Three-in-a-row for alternative investments?

If 2010 was not quite as strong a year as 2009, it has not dented enthusiasm for alternative asset classes and investment strategies this year, although there are differences of emphasis between investment managers and very few seem willing to put hard numbers on their projections in terms of return forecasts (as evidenced in yesterday’s AAA post).

Many allocators seem to think that markets are normalising – this is good news for hedge funds. One adviser thinks that patterns of market correlation may matter more than the overall direction of markets: “More normal correlations between and within markets” bode well for hedge fund strategies, according to Rothschild Private Bank in this January 2011 report which also takes the popular view that rising inflation is good for gold and other commodities, in particular grains like soybeans and corn.
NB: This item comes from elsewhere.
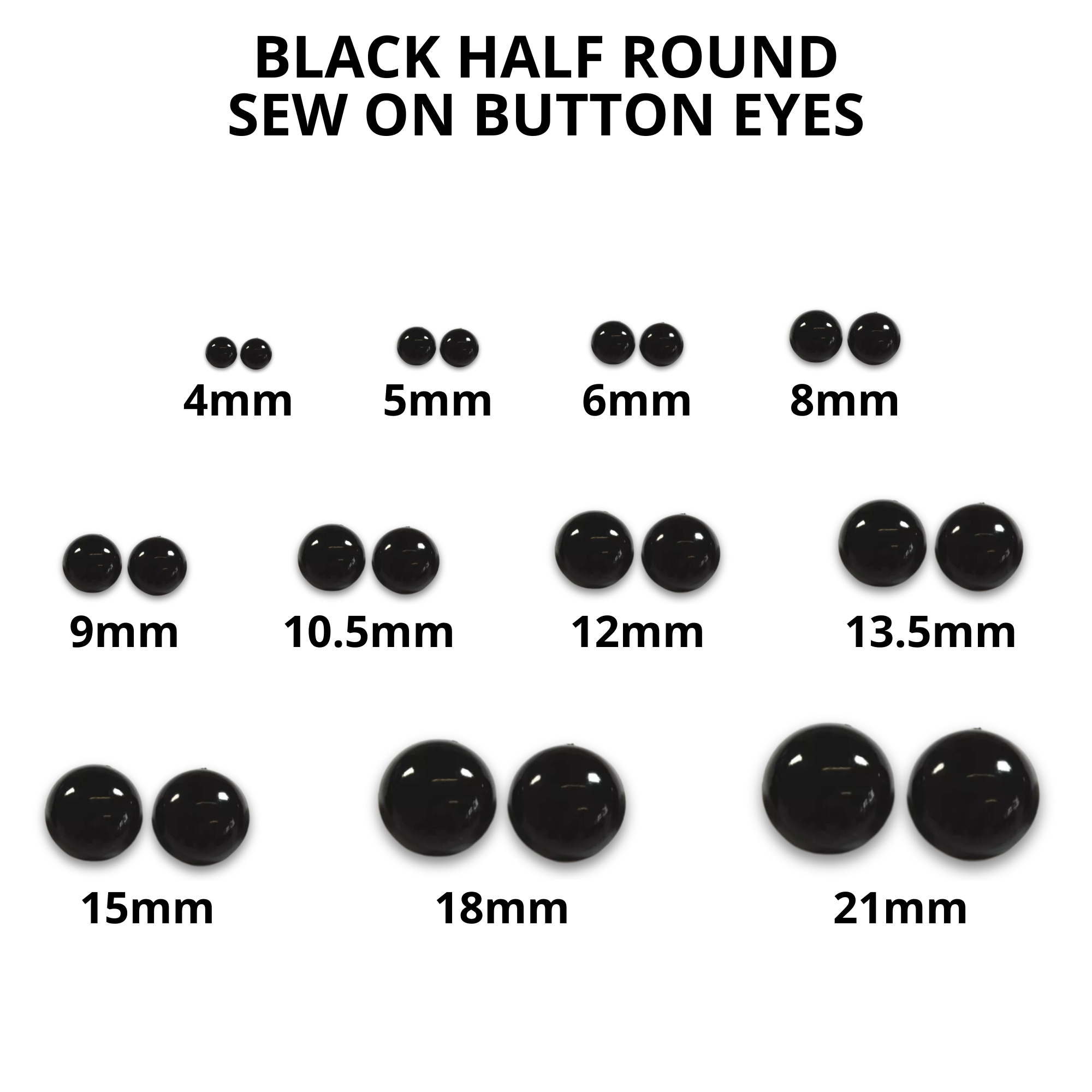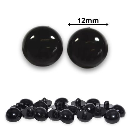 Sew On – 12mm Solid Black Half Round Button Eyes for Teddy Bear/Animal Soft Toy Making

However, Rothschild is more cautious on property as an inflation hedge, fearing it may still struggle in highly indebted countries. Their worry is that banks have a backlog of foreclosed properties that will feed supply, as well as that the new Basel banking rules could accelerate such disposals.

Conversely, Credit Suisse likes property, particularly in its native Switzerland and in emerging markets.  But the firm advises underweighting UK property in this January 2011 report highlighting its 2011 investment ideas.

Deutsche Private Wealth Management also begs to differ with Rothschild on real estate, pointing out in its recent “Outlook 2011” report that commercial property offers better yields than sovereign bonds; still, that firm doesn’t foresee an upside resulting from higher inflation.

Altogether, DB’s Global Investment Committee recommends investors allocate 34% to alternatives, with more than the 25% it counsels for equities. This weighting would be substantially more than most UK pension funds and retail investors have in the space, although in the US and Switzerland – countries that embraced alternatives much earlier – allocating as much as one third does not look unusual for a big endowment or pension fund.  (Chart below created using data from the DB report.)

Within the alternatives segment, the report recommends 5% in a mix of real estate and infrastructure and another 5% in private equity, adding up to 10% in illiquids. The same percentage is modeled for currencies and commodities, but hedge funds (at 14%) are the largest slice of the alternatives pie.

Whereas Rothschild see normalising correlations as the driver for hedge fund returns, the Deutsche report views “growing capital market and growth divergences” as the source of opportunities that hedge funds will exploit.

Low equity valuations and cheap debt are the two reasons given for betting that 2011 will be a nice vintage for private equity investors – and Deutsche and Credit Suisse advise focusing on opportunities in emerging markets. This is perhaps contrary to a recent Edhec research explored here on AAA “Giants at the Gate” not so tough after all showing returns have historically been far lower for emerging markets. Credit Suisse also recommends taking a look at the growing secondary private equity market that was recently discussed on here on AAA as well: Facebook 50 Billion Valuation, Volcker, Shine Spotlight on Secondary Private Equity Markets. CS seems to accept the Edhec view that small is beautiful for private equity, and tips its hat to small and mid-sized LBOs.

Private equity is the only alternative that will come close to returns from emerging market equities, according to this December 2010 paper from Pinebridge Investments, which is the only one mentioned here that actually provides explicit return forecasts. The firm’s private equity projection is around the 15% mark over the next 5 years. That would be more than double Pinebridge’s forecast of 6% for funds of hedge funds and unlevered real estate, and also well ahead of their 8% return expectation for commodities.

In summary, it is hard to find 2011 surveys and projections that are negative on alternatives, with the exception of one or two worried about real estate – which is not always much of a diversifier for homeowners anyhow.

How reliable these predictions are is open to debate. Did anyone warn that 2008 would be the worst year on record for hedge funds?   This Russell Survey from 2007 found North American investors expected returns of 9.2% in 2008, which turned out more than 30% too high! Reaching further back to 1999, Ken Fisher, and academic Meir Statman teamed up to write this paper claiming that the sentiment of Wall Street strategists was a reliable, statistically significant, contrary indicator. It might be worth reapplying that exercise to the soothsayers of alternatives to see if they are any better at forecasting than the evergreen optimists of the equity markets.